◆ **Action item**
Exactly the lines from the one containing "原料方面,喜寶倍喜3段含有棕" through the end of the data, and nothing more, should be retyped; pictures stay out.

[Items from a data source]
________________

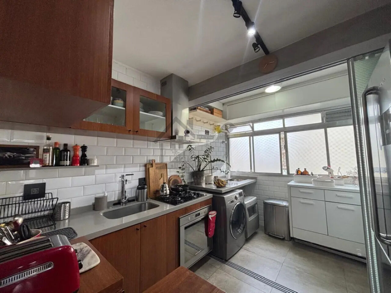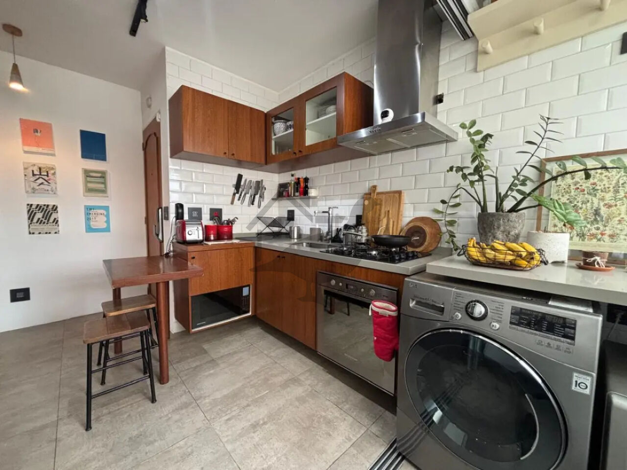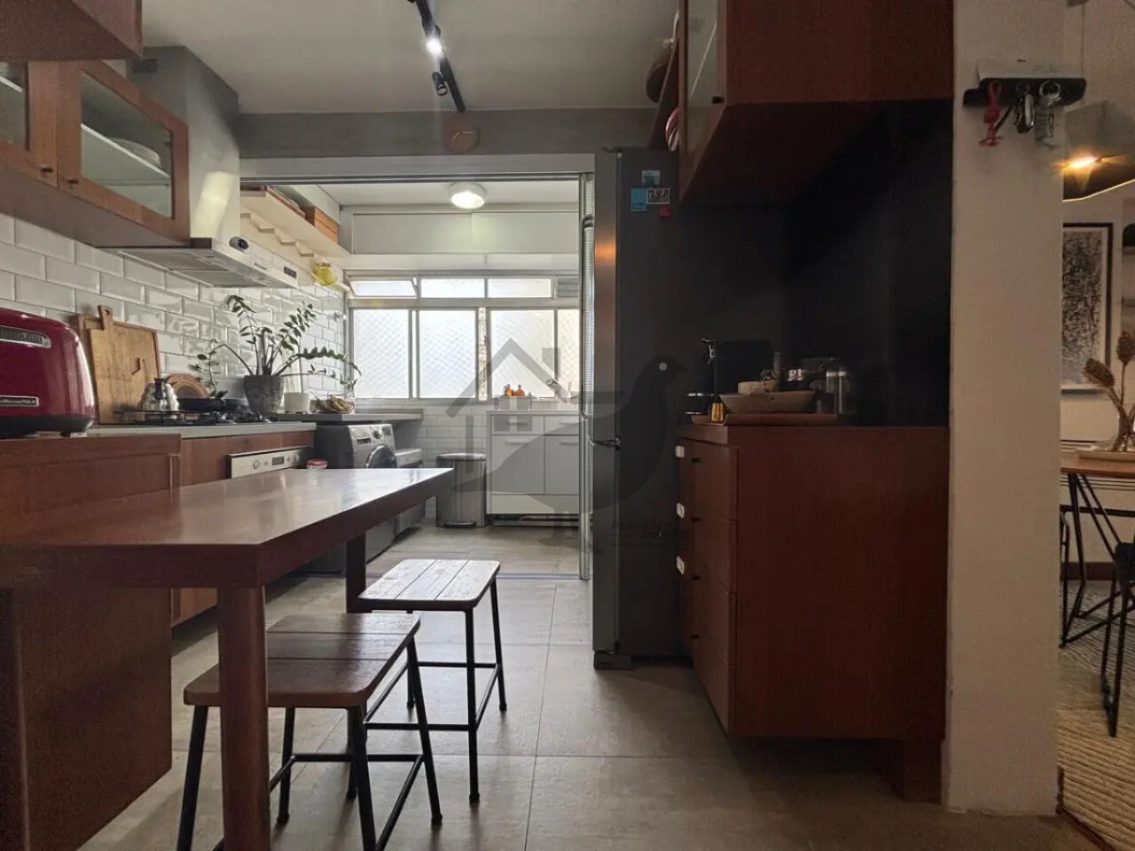 A cozinha moderna e funcional se integra harmoniosamente à área de serviço organizada, enquanto a sala ampla para dois ambientes cria o cenário perfeito para receber amigos e familiares com estilo e conforto.
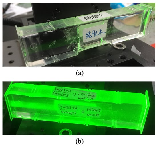 In order to verify the accuracy of the particle size measurement taken using a dual-wavelength extinction method, the particle size of the alumina powder was measured using this experimental setup, and the measurement results were compared with the results measured by the Malvern laser particle size analyzer (MASTERSIZER 2000). The alumina powder needed to be dispersed when measured by the dual-wavelength extinction method; however, it could not be suspended in water because the density of alumina is about 4 times that of the water. Therefore, the alumina particles were cured in an epoxy resin. When the alumina particles were in the epoxy, the absorption effect of the epoxy on the laser had to be taken into account. To calculate the absorption of the laser light by the epoxy resin, an epoxy resin sample that did not contain particles was also made; the epoxy resin samples are shown in Figure 3. The sample in Figure 3a contained no aluminum oxide particles, whereas the sample in Figure 3b contained aluminum oxide particles. The two samples were identical in size, and the sample without alumina particles, shown in Figure 3a, was used to calibrate the absorption of the laser light by the epoxy resin; i.e., if a laser with an intensity of changed to after passing through the sample without alumina and to after passing through the sample containing alumina, the intensity ratio of the light caused by the alumina particles in the sample would be .
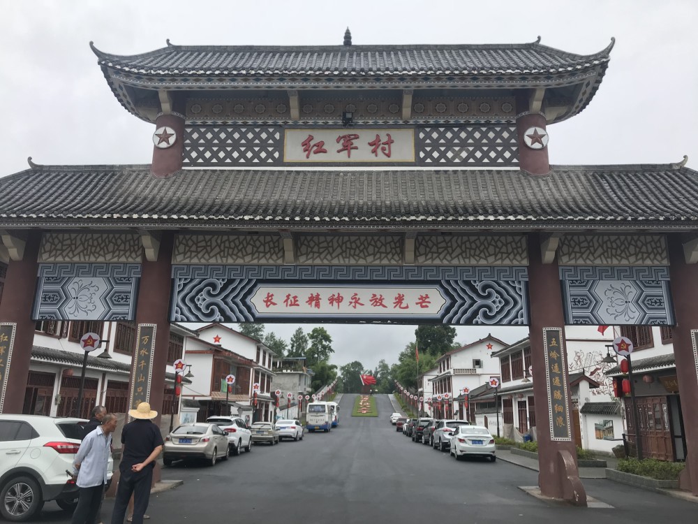 图2为红军村正门,上面写着长征精神永放光芒。褚洁雨 摄
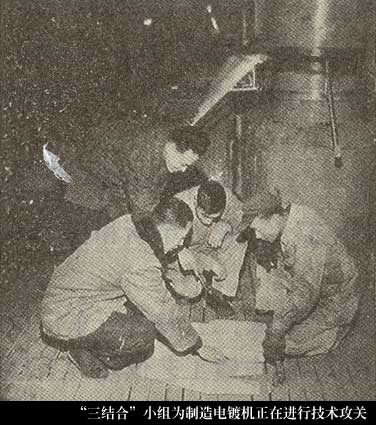 一个由车间干部、工人、技术员参加的“三结合”攻关小组,凭着长期生产实践所积累的丰富经验,相互切磋,反复商讨,终于摸索,在搭建一台机器模型的基础上,先建造出一台试验用的小型电镀机,经反复测试,取得可靠技术数据的前提下,制造出了全国第一台大型自动联合电镀机。
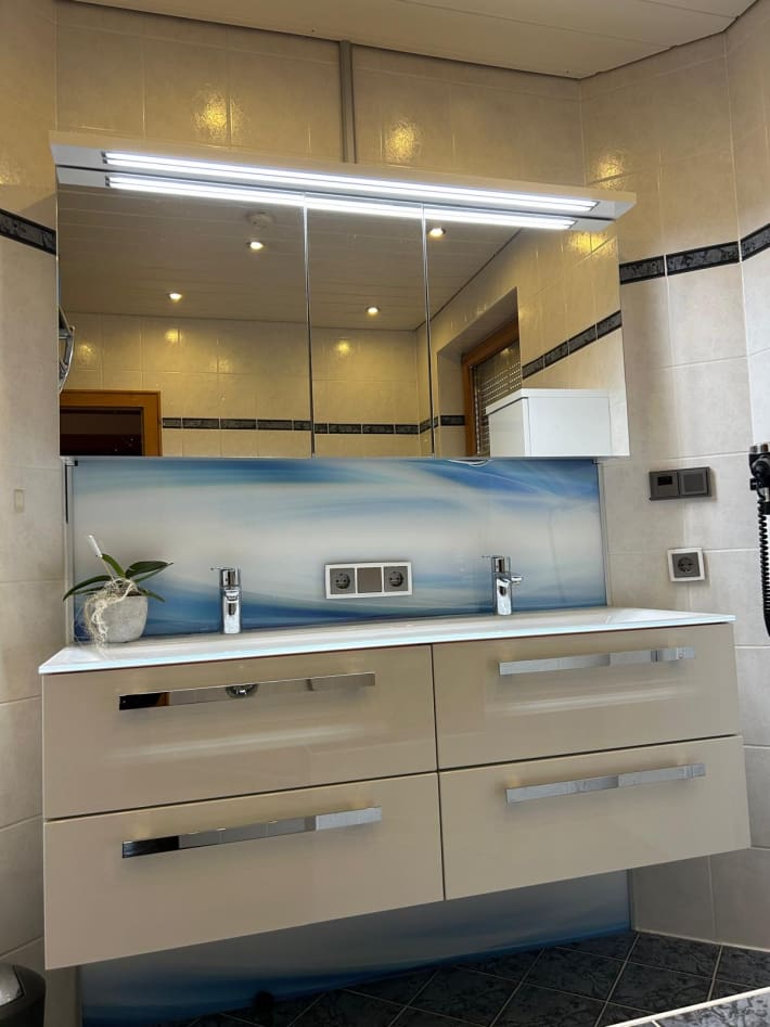 Doppelwaschtisch in weiß Hochglanz mit Spiegelschrank 140 cm breit Hängeschrank 130/30 cm NP: € 2500,- VP: € 400,- VHB
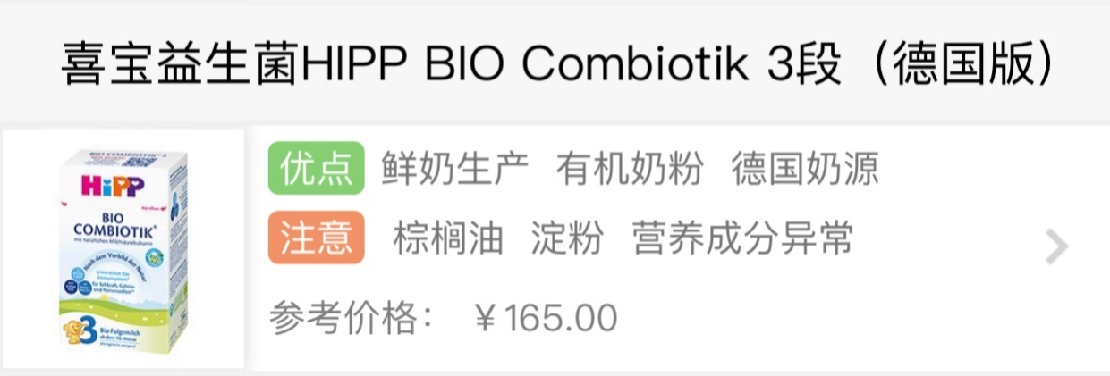 原料方面,喜寶倍喜3段含有棕櫚油和香精,棕櫚油不但會影響對鈣吸收及以及會增加便秘幾率。香精會增加奶粉的口味,寶寶喜歡吃,但長期下來容易使寶寶對口味產生依賴導致偏食。
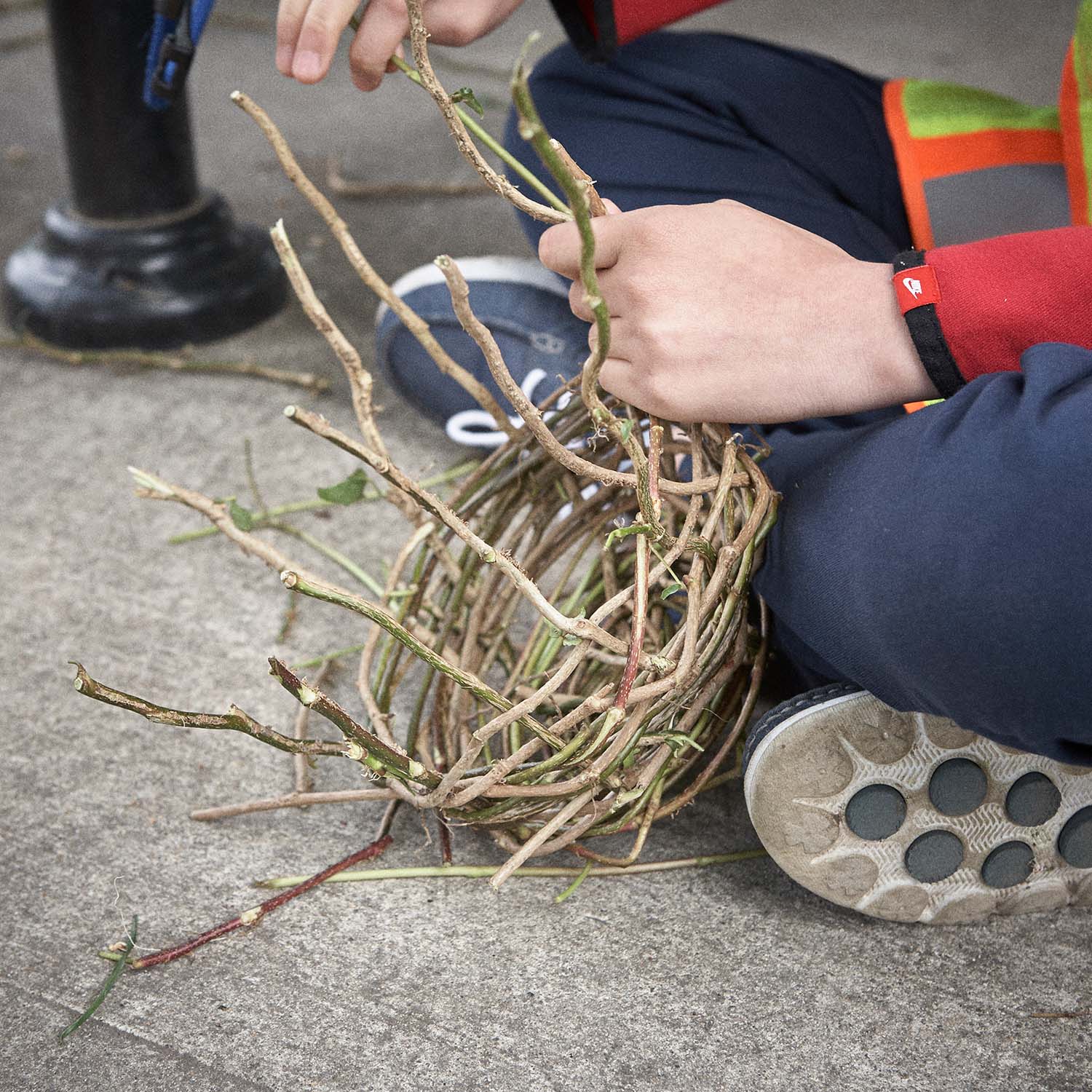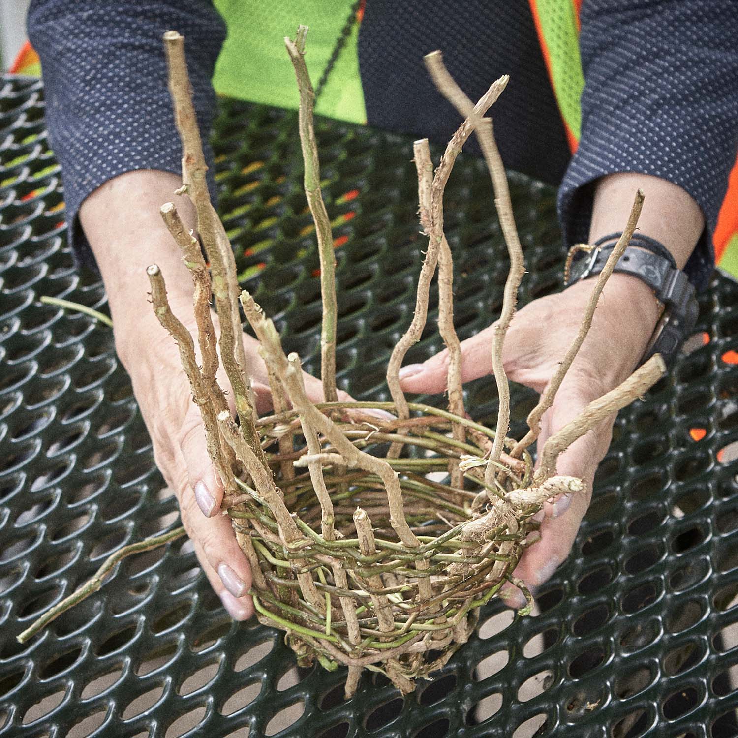 As part of this project, she led workshops in tea making and in basket weaving, using vines of English ivy. She also led a plant walk around nearby Minoru Park. All of these workshops were incorporated into the piece in some way: The ivy became the inspiration for her final mural design, some staghorn sumac leaves she picked during the plant walk were tucked into the vines of the piece, balls of wool that she dipped into tea from the workshop became olive-coloured berries on the mural.

________________

◆ **Output below**
 原料方面,喜寶倍喜3段含有棕櫚油和香精,棕櫚油不但會影響對鈣吸收及以及會增加便秘幾率。香精會增加奶粉的口味,寶寶喜歡吃,但長期下來容易使寶寶對口味產生依賴導致偏食。
 As part of this project, she led workshops in tea making and in basket weaving, using vines of English ivy. She also led a plant walk around nearby Minoru Park. All of these workshops were incorporated into the piece in some way: The ivy became the inspiration for her final mural design, some staghorn sumac leaves she picked during the plant walk were tucked into the vines of the piece, balls of wool that she dipped into tea from the workshop became olive-coloured berries on the mural.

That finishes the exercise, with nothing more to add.